The last time I checked, the mortgage refinance rate was at 2.84% on 30-year fixed loans. Not long ago, the mortgage refinancing rate was at around 3.71% for the same duration. With interest rates historically low, it is an excellent time to refinance your mortgage. But there are a few factors to consider before you refinance. For example, you could end up paying a higher interest rate over time, even if you qualify for a lower interest rate. There’s also the issue of closing costs on a refinance loan.
Ideally, refinancing is a viable option for homeowners who plan to stay in their current property for the next few years and can find a suitable mortgage refinancing deal. There are a few other circumstances where refinancing makes sense. We’ve listed a few for you:
Lower Mortgage Rate
Interest rates are at an all-time low, but they are expected to rise in 2021. Greg McBride, the Chief Financial Analyst for Bankrate.com, suggests that rates could fluctuate by 0.5% to 0.75%, depending on the country’s overall economic health. The average interest rate now averages around the 2% mark, helping homeowners save thousands of dollars per year. The difference in the interest rate from 3.50% to 2% for every $100,000 is around $900 every year.
But consider the prepayment penalty imposed by breaking the mortgage in the middle of the term. Sometimes, the penalty could take away all the savings you could have obtained with the lower rate. This is especially true for loans with a three- to five-year term.
Lower Mortgage Payments
If you’re on a tight budget and looking for a financial breather, refinancing is a good option. A lower mortgage rate spread over a more extended period offers that opportunity.
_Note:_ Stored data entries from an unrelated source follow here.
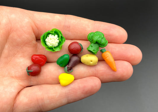 Miniature Vegetables. Peppers Mushroom Cucumber Carrot Potato Tomato Eggplant Broccoli Cauliflower. Kitchen Food. 1:12 1/6 Scale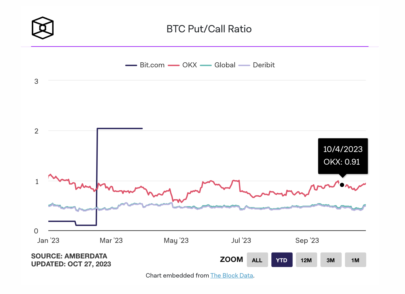 看跌/看涨期权比率低于1意味着看涨期权交易量超过看跌期权交易量,表明市场情绪看涨。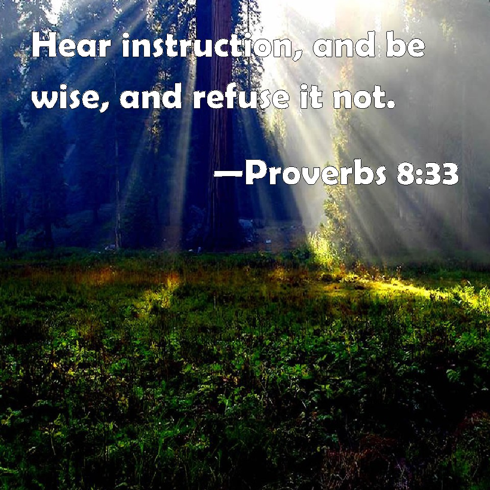 Choose a Background Proverbs 8:33 Hear instruction, and be wise, and refuse it not. KJV: Hear instruction, and be wise, and refuse it not. DRB: Hear instruction and be wise, and refuse it not. DBT: hear instruction and be wise, and refuse it not. ERV: Hear instruction, and be wise, and refuse it not. WBT: Hear instruction, and be wise, and refuse it not. WEB: Hear instruction, and be wise. Don't refuse it. YLT: Hear instruction, and be wise, and slight not.Links Proverbs 8:33 NIV • Proverbs 8:33 NLT • Proverbs 8:33 ESV • Proverbs 8:33 NASB • Proverbs 8:33 KJV • Proverbs 8:33 Interlinear • Proverbs 8:33 Commentaries • Proverbs 8:33 Parallel Texts • Proverbs 8:33 Bible Apps • Proverbs 8:33 Parallel • Bible Hub |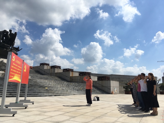 时间:2019-09-21 来源:TapTap点点 阅读次数:为进一步深入学习习近平新时代中国特色社会主义思想,迎接新中国成立70周年,加强党员爱国主义和革命传统教育,深化“双带头人”教师党支部书记工作室建设,9月21日TapTap点点化学党支部和护理公司教工第一党支部党员共赴安庆市红色革命教育基地,开展“学习先烈精神,争当‘四有’好老师”主题党日活动。

Accessing the Equity in Your House
Refinancing is a smart move to access the equity in your house. You may be looking for ways to finance a home renovation, education, or other significant expense. To access this equity, you have to make sure the new mortgage amount is bigger than the remaining balance on the current loan so that there’s a cash surplus.
During the height of the COVID crisis, Canadian lenders deferred mortgage payments for up to six months to help people impacted by the pandemic. Now that things are quietly settling down, homeowners are taking up refinancing because these deferrals have either ended or are coming to an end soon.
If you have multiple credits on your car, credit card, or education loan, the surplus money from the refinancing can be used to pay off other debts. This way, you will only have one loan to pay every month, rather than worry about paying off different loans.
Mortgage refinancing can be a smart way to save money, provided it is done in the right circumstances.